Our clinical approach centers around the utilization of evidence from clinical trials to guide therapeutic decisions. We attempt to integrate testing results with treatment options to guide our practice. On initial evaluation, we perform ophthalmoscopy, OCT and FA. It is important to identify parameters for each individual patient that can be followed to evaluate the efficacy of treatment. Visual acuity, angiographic leakage, OCT anatomy and clinical appearance are parameters that can be monitored. Conflicting findings on these evaluations can be confusing, but nonetheless are important. Each case may show variation in response, and adequate time needs to be allowed for a given treatment to modify a given parameter.

In cases of small peripapillary membranes and extrafoveal CNV, argon laser may be offered, especially in patients with financial restrictions or difficulty traveling for frequent visits. Peripapillary membranes may also be observed, especially if not near the fovea. We often utilize one injection of Avastin or Lucentis two weeks before the laser therapy in order to shrink the CNV and minimize the area that needs to be treated. Reduced subretinal fluid also allows for adequate burns to be achieved with lower laser power. This may or may not influence the rate of recurrence and scar extension. We are currently evaluating the use of anti-VEGF agents after laser to maintain CNV inactivity.

Unfortunately, most patients have a subfoveal component of their CNV at time of presentation. These patients are ideally started on either Lucentis or Avastin. Significant debate exists concerning the benefits of both drugs. Those arguments are beyond the scope of this review. That being said, we typically prefer Lucentis, as it is FDA-approved, safe and has excellent efficacy. Avastin is also a very good option, but because of the lack of prospective trial data, most of our patients choose to utilize Lucentis.
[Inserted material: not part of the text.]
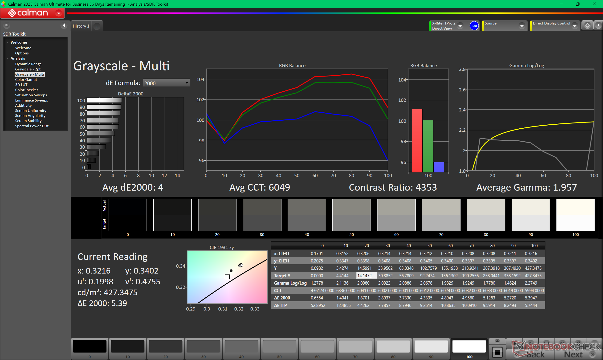 Das Panel ist ab Werk nur mäßig kalibriert mit seiner übermäßig warmen Farbtemperatur und relativ niedrigen durchschnittlichen DeltaE Graustufen- und Farbwerten von 4,0 bzw. 3,31. Das ist zwar nicht schlecht für ein günstiges Business-Notebook, aber eine Kalibrierung für den Endbenutzer kann sich schwieriger gestalten, da die X-Rite-Software derzeit nicht mit ARM Geräten kompatibel ist.

In the ANCHOR and MARINA trials, patients gained most of their vision during the first four injections of drug. Therefore, we encourage our patients to commit initially to four injections, given at one-month intervals. At the end of that period, we re-evaluate with OCT and FA. At this point, we review alternative treatment strategies including data from the PIER (A Phase IIIb, multicenter, randomized, double-masked, sham injection-controlled study of the efficacy and safety of ranibizumab in subjects with subfoveal choroidal neovascularization with or without classic CNV secondary to AMD) and PrONTO (Prospective Optical coherence tomography imaging of patients with Neovascular age-related macular degeneration Treated with intra-Ocular Lucentis) trials. In light of the reduced efficacy of the PIER protocol, which evaluated induction with three monthly injections of Lucentis followed thereafter by doses once every three months, we discourage a strategy of planned injections.

The PrONTO study is evaluating an alternative treatment strategy, where patients are given three monthly injections of Lucentis, and are retreated if the patient demonstrates an increase in central OCT thickness of at least 100 µm, a loss of five letters in conjunction with recurrent fluid by OCT, a new onset of classic neovascularization, or a new macular hemorrhage. A PrONTO-style protocol is certainly attractive to both patients and clinicians. However, we find ourselves having to temper our enthusiasm for the preliminary results of PrONTO, as the study is a small, open-label, uncontrolled single investigator trial. In light of this, we strongly encourage monocular patients to follow an evidence-based approach and continue with monthly injections, while binocular patients are asked to participate in the decision-making process more vigorously.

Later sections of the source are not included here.